··· INFORMATION SUPPLIED ···
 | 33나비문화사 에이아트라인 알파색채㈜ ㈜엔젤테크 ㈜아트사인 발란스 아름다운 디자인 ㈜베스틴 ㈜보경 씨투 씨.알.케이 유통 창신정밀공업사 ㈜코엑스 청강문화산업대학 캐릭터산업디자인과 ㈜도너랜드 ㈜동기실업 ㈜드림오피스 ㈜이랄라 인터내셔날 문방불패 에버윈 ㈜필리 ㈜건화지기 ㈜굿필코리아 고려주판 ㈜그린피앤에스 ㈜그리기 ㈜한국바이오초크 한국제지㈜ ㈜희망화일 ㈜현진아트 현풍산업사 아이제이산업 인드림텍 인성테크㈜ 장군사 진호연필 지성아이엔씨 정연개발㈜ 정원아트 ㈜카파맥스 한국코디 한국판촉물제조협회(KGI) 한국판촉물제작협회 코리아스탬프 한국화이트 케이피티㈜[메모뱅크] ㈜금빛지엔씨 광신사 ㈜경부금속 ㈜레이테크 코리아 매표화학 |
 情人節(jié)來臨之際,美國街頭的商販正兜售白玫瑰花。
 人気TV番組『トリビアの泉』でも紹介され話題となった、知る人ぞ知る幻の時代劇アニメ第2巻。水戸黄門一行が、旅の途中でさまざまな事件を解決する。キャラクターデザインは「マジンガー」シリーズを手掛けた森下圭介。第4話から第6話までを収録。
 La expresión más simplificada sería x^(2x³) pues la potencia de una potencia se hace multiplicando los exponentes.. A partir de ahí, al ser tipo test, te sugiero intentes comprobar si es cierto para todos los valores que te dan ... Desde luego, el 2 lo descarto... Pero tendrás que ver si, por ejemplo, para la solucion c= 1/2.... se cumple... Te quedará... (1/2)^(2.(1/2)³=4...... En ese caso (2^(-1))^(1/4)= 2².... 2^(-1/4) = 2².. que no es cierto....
···
> **WHAT NEEDS TO BE DONE**:
The material above is to be reproduced exactly as written.

> **ANSWER SECTION**:
 | 33나비문화사 에이아트라인 알파색채㈜ ㈜엔젤테크 ㈜아트사인 발란스 아름다운 디자인 ㈜베스틴 ㈜보경 씨투 씨.알.케이 유통 창신정밀공업사 ㈜코엑스 청강문화산업대학 캐릭터산업디자인과 ㈜도너랜드 ㈜동기실업 ㈜드림오피스 ㈜이랄라 인터내셔날 문방불패 에버윈 ㈜필리 ㈜건화지기 ㈜굿필코리아 고려주판 ㈜그린피앤에스 ㈜그리기 ㈜한국바이오초크 한국제지㈜ ㈜희망화일 ㈜현진아트 현풍산업사 아이제이산업 인드림텍 인성테크㈜ 장군사 진호연필 지성아이엔씨 정연개발㈜ 정원아트 ㈜카파맥스 한국코디 한국판촉물제조협회(KGI) 한국판촉물제작협회 코리아스탬프 한국화이트 케이피티㈜[메모뱅크] ㈜금빛지엔씨 광신사 ㈜경부금속 ㈜레이테크 코리아 매표화학 |
 情人節(jié)來臨之際,美國街頭的商販正兜售白玫瑰花。
 人気TV番組『トリビアの泉』でも紹介され話題となった、知る人ぞ知る幻の時代劇アニメ第2巻。水戸黄門一行が、旅の途中でさまざまな事件を解決する。キャラクターデザインは「マジンガー」シリーズを手掛けた森下圭介。第4話から第6話までを収録。
 La expresión más simplificada sería x^(2x³) pues la potencia de una potencia se hace multiplicando los exponentes.. A partir de ahí, al ser tipo test, te sugiero intentes comprobar si es cierto para todos los valores que te dan ... Desde luego, el 2 lo descarto... Pero tendrás que ver si, por ejemplo, para la solucion c= 1/2.... se cumple... Te quedará... (1/2)^(2.(1/2)³=4...... En ese caso (2^(-1))^(1/4)= 2².... 2^(-1/4) = 2².. que no es cierto....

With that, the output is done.